If something goes wrong check
dmesg  and logs. Common failures are typos of the id or a module was not loaded.
The following is not a full qemu start script. It shows the important options only!
I like to use a variable to group options. The
$GPU  variable contains the options I use. Add the following (or similar) to the qemu start script:
GPU="-device vfio-pci,host=01:00.0,multifunction=on,x-vga=on -vga none" qemu-system-x86_64 -cpu host,kvm=off ... $GPU ... -cdrom <bootable-cd-image>
-cdrom  option is for an initial test. After connecting the output of the second VGA card (here: GT630) with a monitor (screen) the VM can be started for a initial test. It could take a few seconds but the second screen should show something. Otherwise check out the above careful again. To stop the VM simply kill it at the host system.

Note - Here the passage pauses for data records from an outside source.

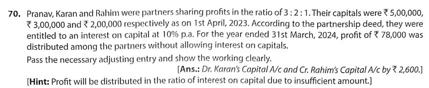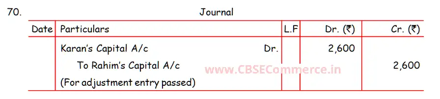 TS Grewal Solution Question 70 Accounting for Partnership Firms – Fundamentals TS Grewal Book CBSE 2024-25 Edition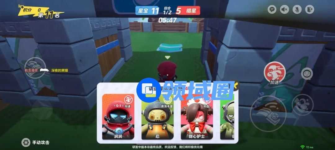 比如屡受好评的“生化追击”关卡,首测中由于蹲点防守和自动开火功能,暗星阵营想取得胜利,挑战很大。而本次测试加入了更多角色选择,暗星阵营的玩家可以使用加速、回血、隐身等不同技能相互配合,比如利用隐身技能做“老六”,偷偷迂回乘机偷袭。这种玩法上的策略进化变相为双方阵营的平衡性做出一定的调整。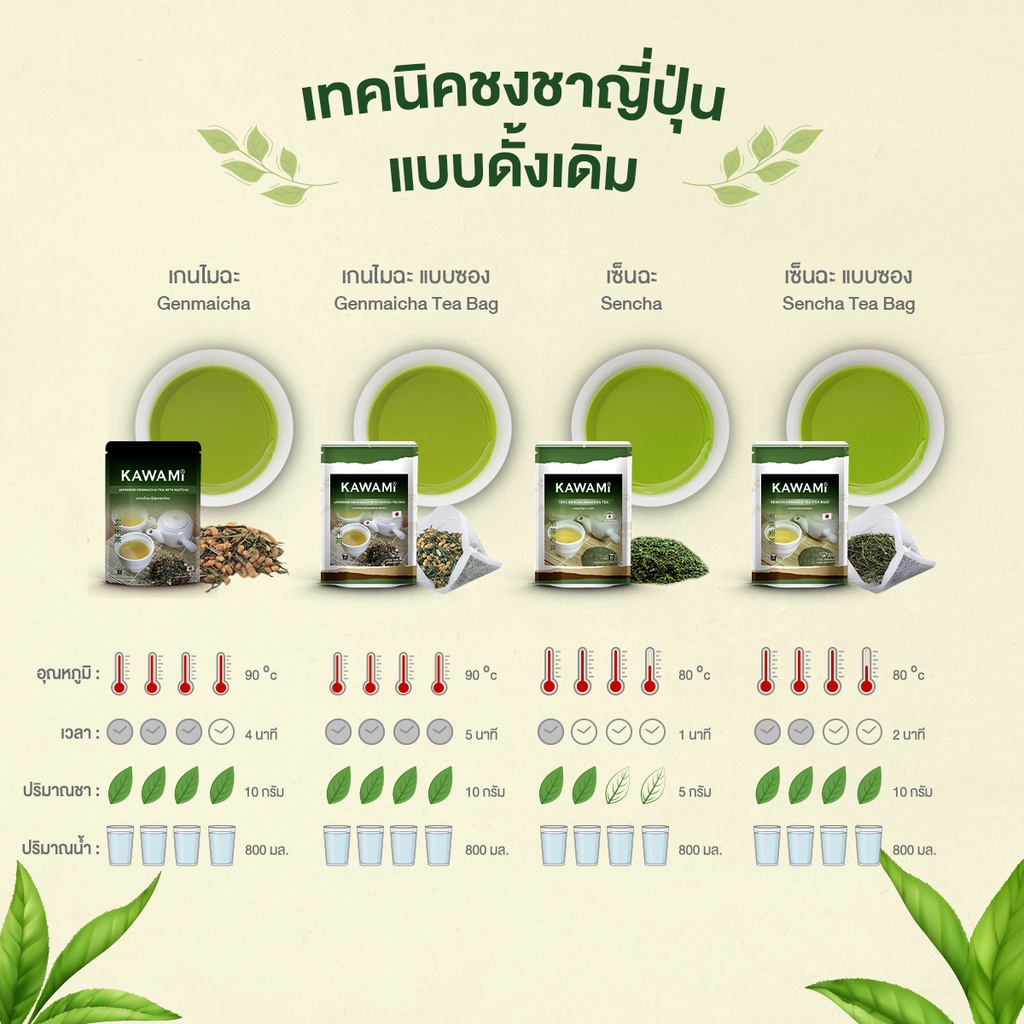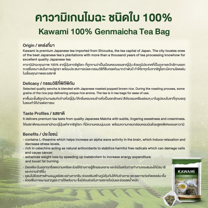 คาวามิ เกนไมฉะ ชนิดใบ 100% แบบซอง ขนาด 200 กรัม KAWAMI Genmaicha Tea Bags 100% size 200g.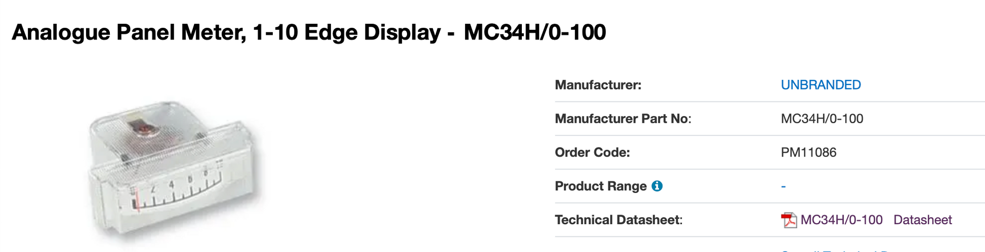 EDGE MOUNT, EDGE INDICATOR, METER, SCALED 1-10, 100uA, PM11086, MC34H/0-100, NOS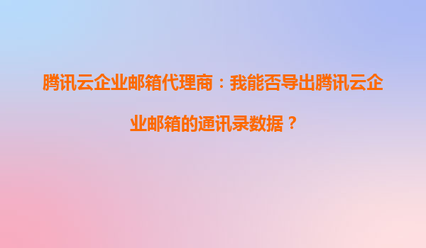 2025-10-19腾讯云企业邮箱代理商:通讯录数据导出功能详解 一、腾讯云企业邮箱的核心优势 作为国内领先的云服务提供商,腾讯云企业邮箱凭借其稳定高效的架构备受企业青睐。其采用分布式集群部署,确...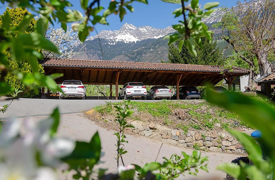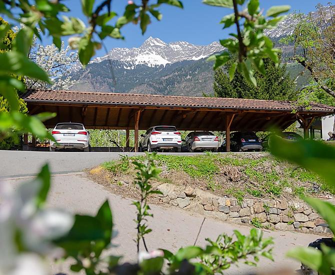If you come over the Reschen Pass, drive along the Vinschger state road to Forst Castle in Algund. Turn right here towards Marling and after 300 m you will find our entrance in the first left turn.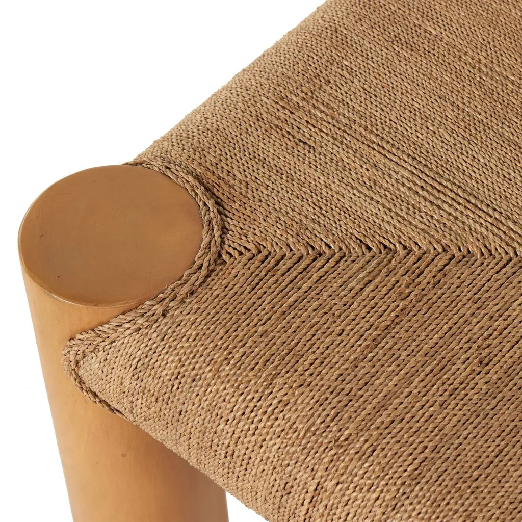 Braided rope crafted from sugar palm leaves is woven to form this cocktail table's taut, durable top. The mahogany column legs offer a bold textural complement.

As maybe realized (or maybe not) there was no keyboard/mouse available during the initial test, because this depends on the emulated qemu VGA driver. Thus we have to bind a keyboard/mouse to the VM through the device id. Assuming USB use
$ lsusb Bus 002 Device 001: ID 1d6b:0003 Linux Foundation 3.0 root hub Bus 001 Device 003: ID 10d5:000d Uni Class Technology Co., Ltd Bus 001 Device 002: ID 046d:c330 Logitech, Inc. Bus 001 Device 127: ID 046d:c52b Logitech, Inc. Unifying Receiver Bus 001 Device 126: ID 05e3:0608 Genesys Logic, Inc. Hub Bus 001 Device 001: ID 1d6b:0002 Linux Foundation 2.0 root hub
In the output above is the keyboard the device in line 3, the mouse device is line 4. Add the id to the qemu start script like (example: keyboard only):
KBD="-usb -usbdevice host:046d:c330" qemu-system-x86_64 -cpu host,kvm=off ... $GPU $KBD... -cdrom <bootable-cd-image>
Again, this is just an example. The mouse could be bound similar with its own id. However,
I don't use this technique, because the USB device is not available at the host anymore as long the VM is up and running!
But it is good enough for testing purposes. If you bind the keyboard and/or the mouse it is a good idea to have a second one available.
The above shows how to use some PCI hardware from the qemu host inside a VM exclusive. Using the VGA card is just an example, but it is not limited to. Other PCI devices can be separated this way as well.